Oh and the single already had a finished video which was sat on YouTube ready to be streamed. No endless teasers, no leaked footage. Boom.
In one hour of gorgeously dorky but knowingly executed content, pop fans had enough information to keep them going for at least a month. Details such as the full list of credits and the full tracklisting were held back to leave further announcements to follow, which they duly did, with the latter not actually being confirmed until a week before the album came out. Having seen Taylor execute the 'Red' campaign with a similar expertise, fans also knew there'd be 'instant grat' songs to come, and guess what, they appeared just at the right time, easing fans into the various themes of the album without scaring anyone away.
(Yes 'Out Of The Woods' was a bit of mess 'vis-a-vis' the UK release, and I'm still not quite sure why that all happened, but it's a great song, you could hear it if you really wanted and Taylor wrote a blog post saying Ed Sheeran told her to do it or something, so blame him).
Pop in 2014 is all about immediacy and instant gratification.
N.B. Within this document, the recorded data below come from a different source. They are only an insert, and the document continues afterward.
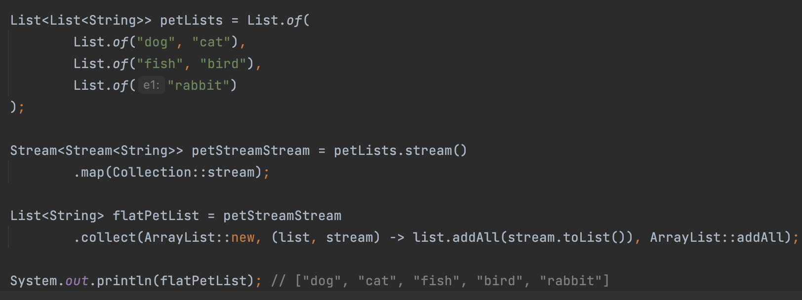 이해를 돕기 위해 flatMap() 을 사용하지 않고 map() 메서드만을 이용해 동일한 결과를 만든 코드이다.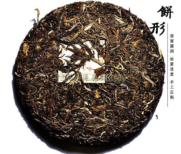 外形:饼形周正,收边工艺较佳,条索均匀清晰,松紧适中。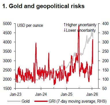 Gold rallied to new highs recently on elevated geopolitical risks (Chart 1), notably developments in Iran and Venezuela. Any escalation could further support gold prices, while a reduction in geopolitical tensions may exert downward pressure.

If you're a forum-based pop fanatic, then prior knowledge is power and one upmanship, but it can also suck the joy out of an album by the time it finally arrives. It's thrilling to read bits about an album you're excited by ahead of release. Of course it is. But there's also something to be said for waiting for an album to come to you, fully-formed rather than sliced and diced into snippets, leaks and premature over-saturation. In a landscape still stricken with pop panic following Beyoncé's surprise right hook, it felt nice – at least for now — to be on safer ground with '1989'.